> [INFORMATION PROVIDED]:
• • •

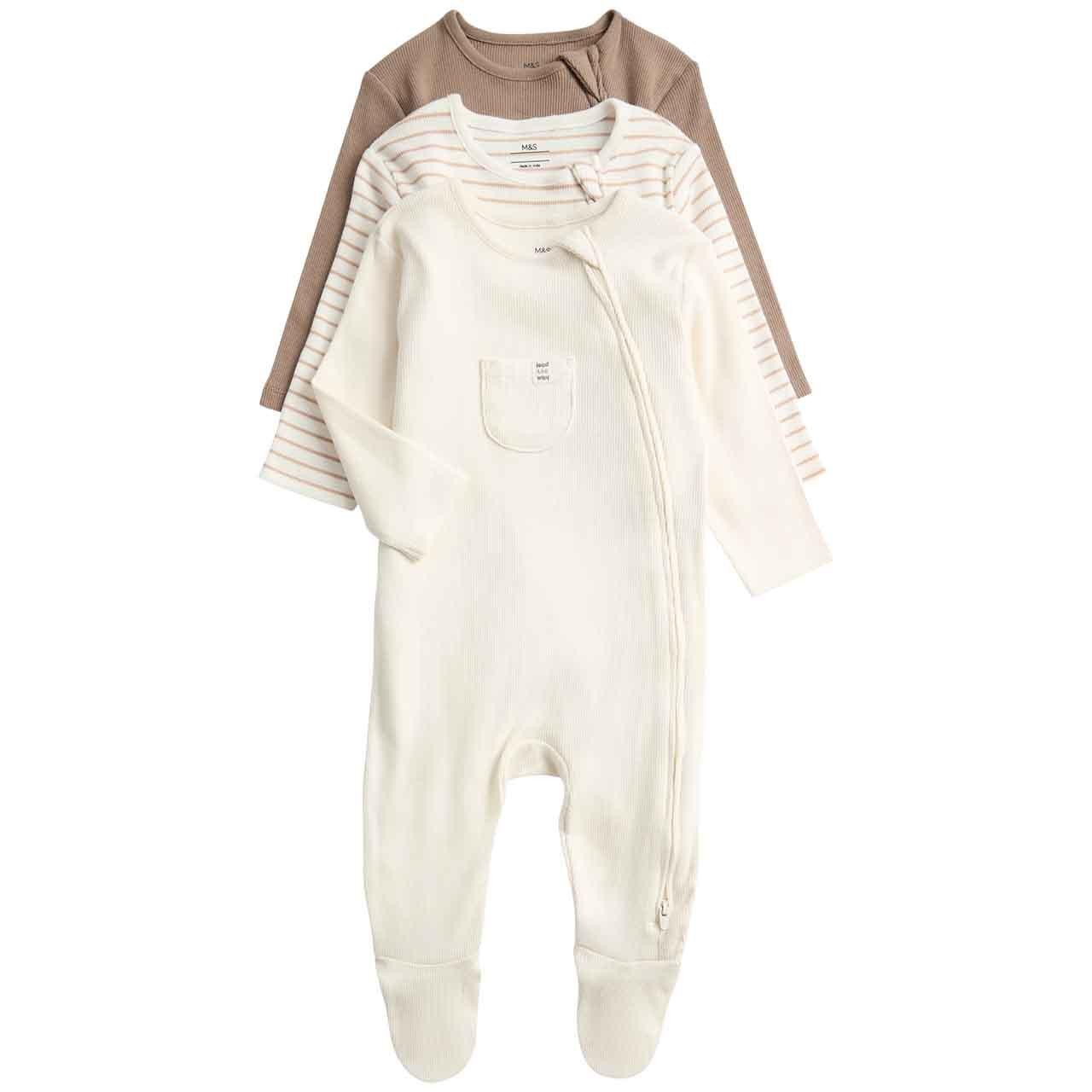 Ensure your baby enjoys snug comfort with this durable and easy-to-maintain cotton zip sleepsuit collection from M&S.
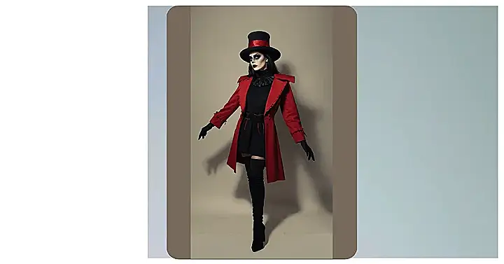 This Halloween costume is perfect for those who love a touch of spooky but don’t have a ton of time to prepare. Just grab a red coat, a black top, and a tall black hat. A little face paint, and boom! You’re ready to cast your spell on everyone at the party. The dramatic makeup and red coat make you look like a mysterious and powerful witch, but the playful hat and black boots add a bit of fun too. You’ll be the talk of the town without having to spend hours putting together an elaborate outfit.
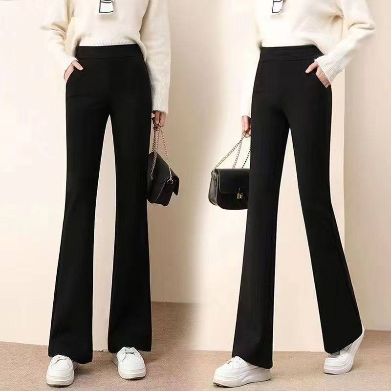 Langzi retro commuter high-elastic bell-bottoms, suits, winter new fleece pants, women's high-waisted slacks, thickened
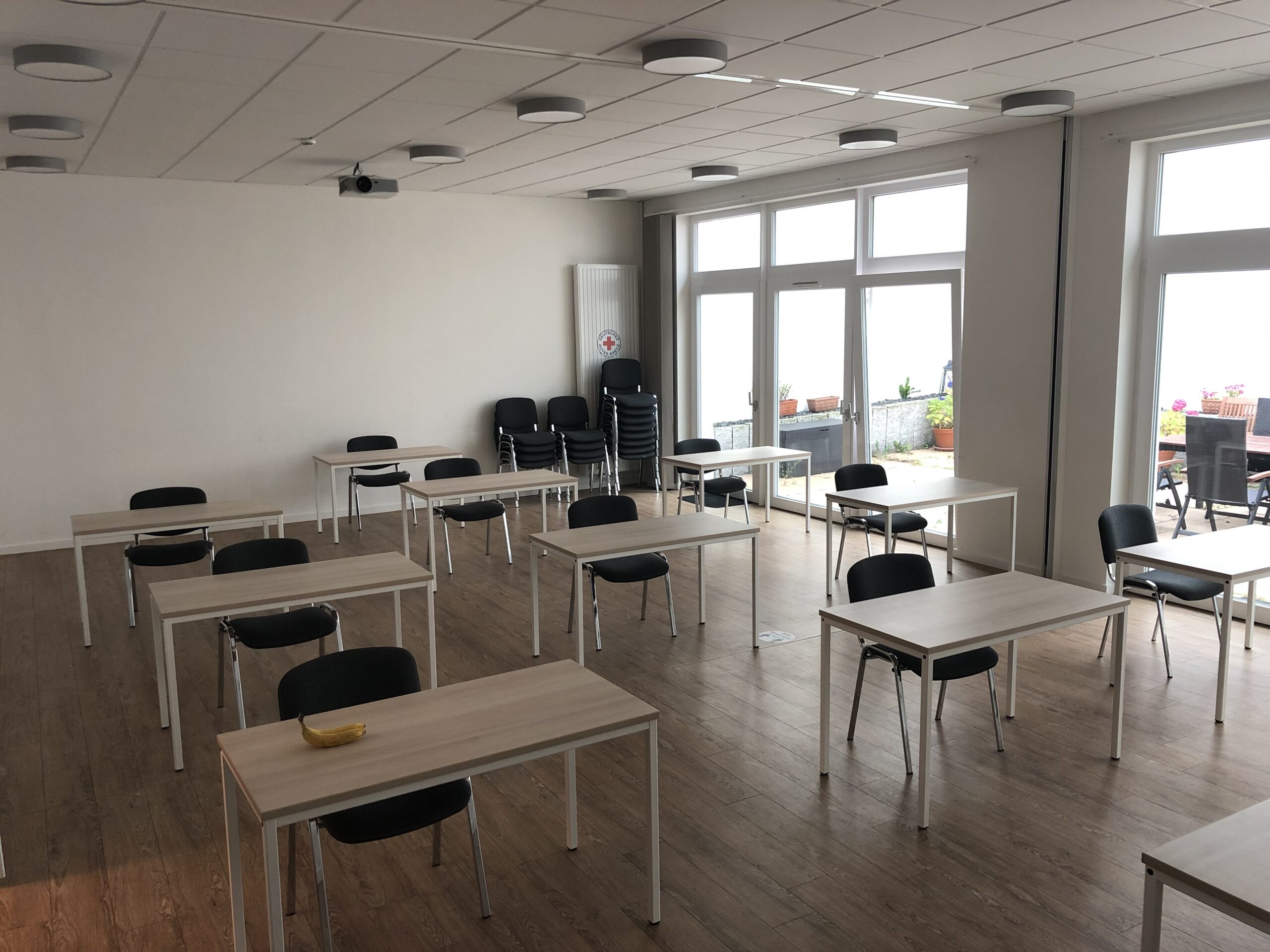 Die Räumlichkeiten sind neu und modern ausgestattet. Üblicherweise werden die Tische nicht wie hier im Bild gezeigt für "Frontalunterricht" aufgestellt, sondern in Plenumanordnung (U-Form) - damit wir besser in Kontakt kommen.

• • •

> [PROBLEM TO WORK ON]: Leave the pictures out, and reproduce only the lines from the line holding "This Halloween costume" through the last line of the material, both included.

> [RESPONSE AREA]:
 This Halloween costume is perfect for those who love a touch of spooky but don’t have a ton of time to prepare. Just grab a red coat, a black top, and a tall black hat. A little face paint, and boom! You’re ready to cast your spell on everyone at the party. The dramatic makeup and red coat make you look like a mysterious and powerful witch, but the playful hat and black boots add a bit of fun too. You’ll be the talk of the town without having to spend hours putting together an elaborate outfit.
 Langzi retro commuter high-elastic bell-bottoms, suits, winter new fleece pants, women's high-waisted slacks, thickened
 Die Räumlichkeiten sind neu und modern ausgestattet. Üblicherweise werden die Tische nicht wie hier im Bild gezeigt für "Frontalunterricht" aufgestellt, sondern in Plenumanordnung (U-Form) - damit wir besser in Kontakt kommen.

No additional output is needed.